- PROBLEM DETAILS: Beginning with the line containing "Shaggy, long-stemmed flowers" and going on through the line containing "MAMUJU – Gubernur", the lines below are to be returned exactly, pictures excluded and nothing added.

- DATASET EXCERPT:
"""

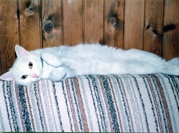 My first cat as a child was all white, and she was such a sweetie, and the most well-behaved cat I've ever had. This is her when she was old and quite high from her Christmas presents.
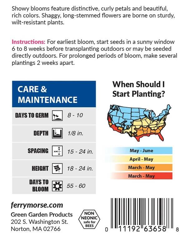 Shaggy, long-stemmed flowers are borne on sturdy, wilt-resistant plants. These aster seeds will bear beautiful blooms adding long-lasting color to your garden.
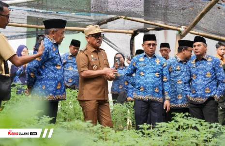 MAMUJU – Gubernur Sulbar Suhardi Duka meninjau pembibitan komoditas pangan oleh Dinas Ketapang di samping kantornya, Senin 17 November 2025.
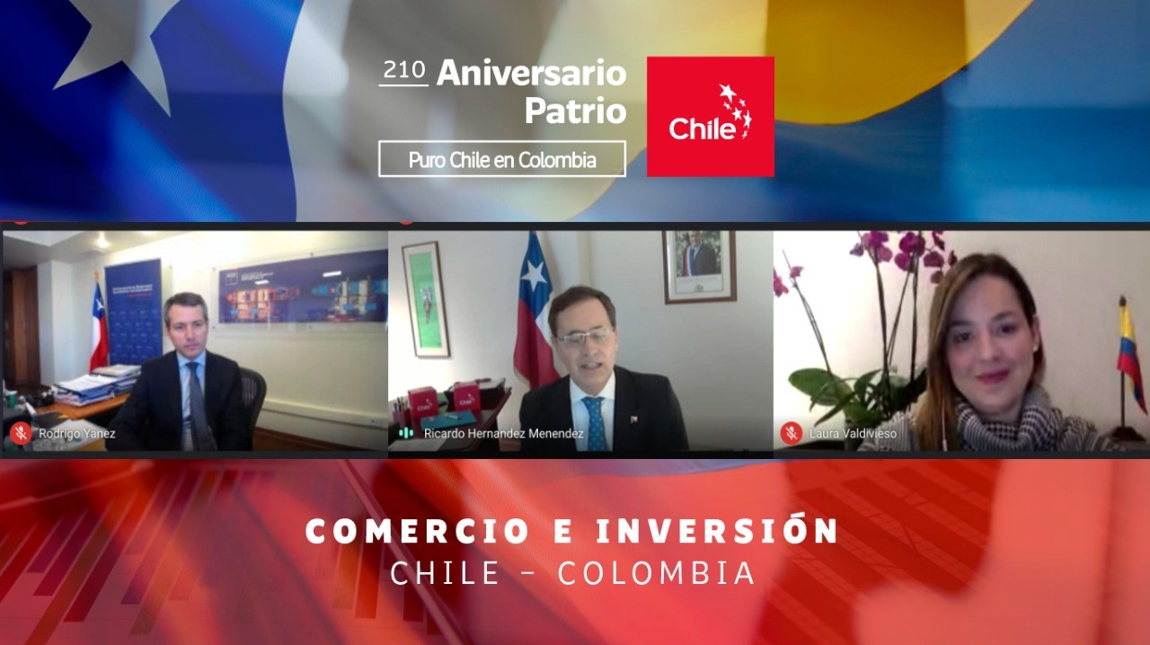 14 de septiembre, 2020.- Hoy se realizó el seminario virtual "Comercio e Inversión en Chile y Colombia post COVID-19", instancia en la que participó el Subsecretario de Relaciones Económicas Internacionales (SUBREI), Rodrigo Yáñez, junto a la Viceministra de Comercio Exterior en el Ministerio de Comercio, Industria y Turismo de Colombia, y el Embajador de Chile en Colombia, Ricardo Hernández. La actividad que contó con más de 60 asistentes se realizó en el marco del 210º aniversario patrio de Colombia.

"""

- TASK ANSWER:
 Shaggy, long-stemmed flowers are borne on sturdy, wilt-resistant plants. These aster seeds will bear beautiful blooms adding long-lasting color to your garden.
 MAMUJU – Gubernur Sulbar Suhardi Duka meninjau pembibitan komoditas pangan oleh Dinas Ketapang di samping kantornya, Senin 17 November 2025.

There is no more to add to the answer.